Sea Blite
Suaeda linearis
Amaranthaceae (Chenopodiaceae)
Yesterday John and George mired the car hopelessly in the seaside sand lost in the remote reaches of the Hobe Sound National Refuge, all in a day’s work for fearless adventurers. It happened right as I said, “that sand looks firm.” We became stranded castaways deep in a mangrove jungle unvisited by humans since Jonathan Dickinson. While we stressed over who might find our buzzard-picked remains, we kept our spirits up by exploring the salty-marly mangrove lowland behind the dunes and singing marching songs from the Boer War. We looked for esculent native plants to mitigate our stranded plight. There wasn’t much to hunt and gather, but Black Mangrove was lovely in flower, and no, that wasn’t a skunk, it was White Stopper.
Our destitution gave us time to ponder convergent evolution. (That is when unrelated species develop similarities due to similar adaptations. Sharks and Porpoises are not related but they look similar.) We saw no sharks nor porpoises, but we did see how salty-place plants have a convergent tendency toward succulent leaves that look like fingers. The fat-finger-foliage species include Batis maritima (Saltwort, Batidaceae), Salsola kali (Amaranthaceae), Sesuvium portulacastrum (Sea-Purslane, Aizoaceae), Salicornia bigelovii (Glasswort, Amaranthaceae), and Suaeda linearis (Sea Blite, Amaranthaceae).

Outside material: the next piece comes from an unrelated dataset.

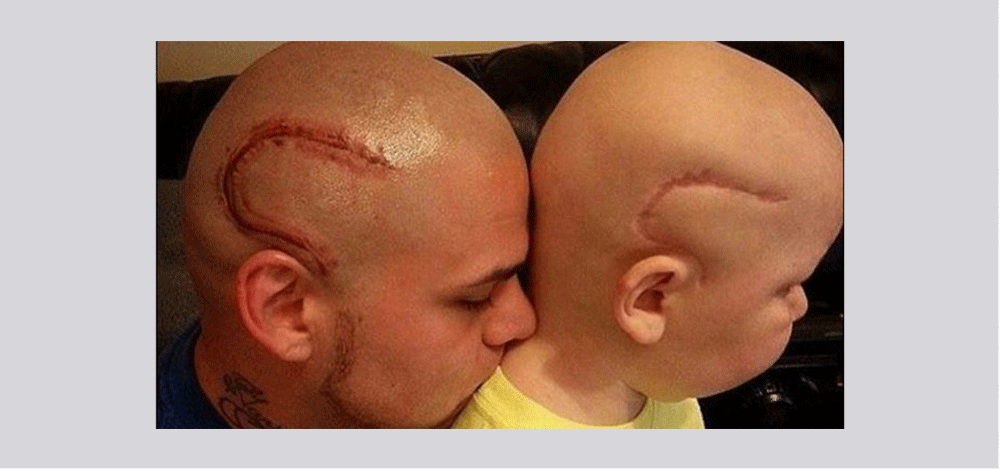 وحصل الوالد على وشم في الرأس يشبه الندبة التي تركتها آثار العملية على رأس طفله.

Yes, the foliar similarities can confuse identification. And yes, they confuse common names. The common names for these species are intertwined and contrived. For example, Batis maritima and Salsola kali (and undoubtedly others) get called “Saltwort,” hence the silly misleading name “Russian Thistle” to differentiate Salsola. My personal outlook—never get too fixated on the English names for non-prominent plants.
The main succulent finger species yesterday was Suaeda linearis, representing the mostly saline genus Suaeda which has over 100 species. As is often true of coastal species, the distribution is wider than you think. Suaeda linearis extends from Maine to Mexico and southward. Such species keep us from getting too hung up on latitude.

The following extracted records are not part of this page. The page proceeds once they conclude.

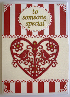 I have been asked for a tutorial for this project so here it is. INSTRUCTIONS TO MAKE AN EXPLOSION BOX 1) Using a 12’ x 12’ sheet of white Bazzill , score and fold 4” in from each end. 2) Using the fold lines as guides, cut the squares from the corners on 3 sides only. 3) On the last side, draw a pencil line 1/2 “in, cut this line to the corresponding fold line. 4) To decorate the outside of the box and using the eCraft and the Jen Allyson Designs Image card, Category 2, Frames, cut 4 x 4” Image 9 Frame 3 from black Bazzill. 5) Using the same design card and image, cut 4 X 3 ½”frames from white Bazzill. 6) From the same design card cut 4 x 3” frames from black glitter paper. 7) Using Jen Allyson Celebrates image card, Category 2, Weddings, cut 4 x 2 ½” red Bazzill and 4 x 2 ½” white Bazzill Scalloped Edge Heart Cut Outs. 8) ...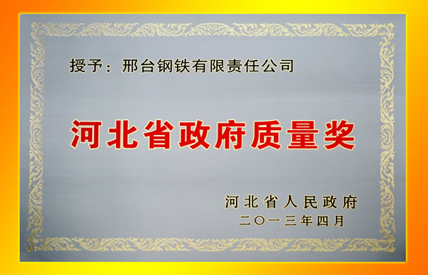 邢鋼榮獲2012年“河北省政府質(zhì)量獎”殊榮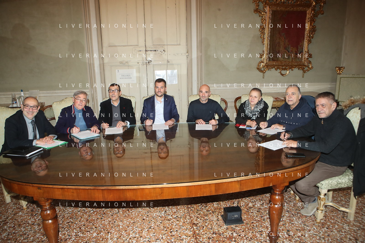 IMOLA 14 12 2023 Giunta Comunale e CGIL - CISL - UIL territoriali e SPI CGIL FNP CISL UILP UIL UN FONDO DI 350 MILA EURO PER TUTTI I BISOGNI SOCIALI E DELLE FAMIGLIE. RINVIATO L ADEGUAMENTO ISTAT PER I SERVIZI DI MENSA E TRASPORTO SCOLASTICO FINO A DOPO L APPROVAZIONE DELLA FINANZIARIA NELLA FOTO SINDACO MARCO PANIERI,VICE SINDACO FABRIZIO CASTELLARI,STEFANO MONI CGIL,GIUSEPPE RAGO UIL E ENRICO BASSANI CISL FOTO GIANNI SANNA-AG ALDO LIVERANI SAS

Suaedas inhabit saline desert areas in North Africa, where Beduins burn the foliage to obtain soda-ash (sodium carbonate) for laundering, dying clothing, and fine-tuning the pH in their pools. And speaking of burning Suaeda, North Africans burn the plants also to generate smoke for asthma relief. Suaeda is an ancient Arabic name.

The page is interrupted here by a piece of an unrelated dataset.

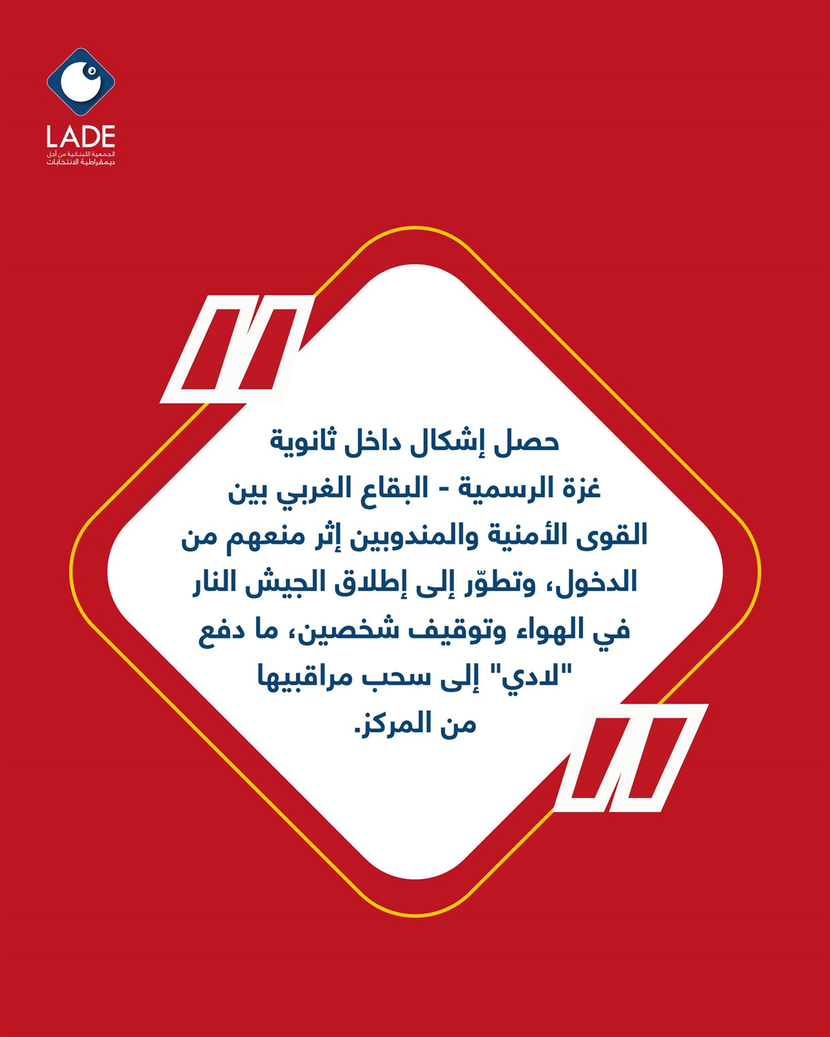 أفادت الجمعية اللبنانية لديمقراطية الانتخابات (LADE) بوقوع إشكال داخل مركز الاقتراع في ثانوية غزة الرسمية – البقاع الغربي، بين القوى الأمنية والمندوبين، على خلفية منع بعضهم من الدخول. وتطور الإشكال إلى إطلاق عناصر من الجيش النار في الهواء، كما جرى توقيف شخصين. وعلى إثر ذلك، قررت الجمعية سحب مراقبيها من المركز.

Closer to home, Native North Americans appreciated the seeds as a staple grain, which was a comfort to John and me as we despaired of rescue yesterday. As we roasted fiddler crabs on burning Suaeda and tried to invent a solar desalination still using our shoes, John suddenly remembered we had cell phones. The miracle of Verizon brought a nice man named Bill with a big truck to yank us out of our sandy Hell to explore and blog another day.
[Note—that isn’t really John’s car. His car isn’t that cool. But we did get quagmired and rescued deep in the jungle.]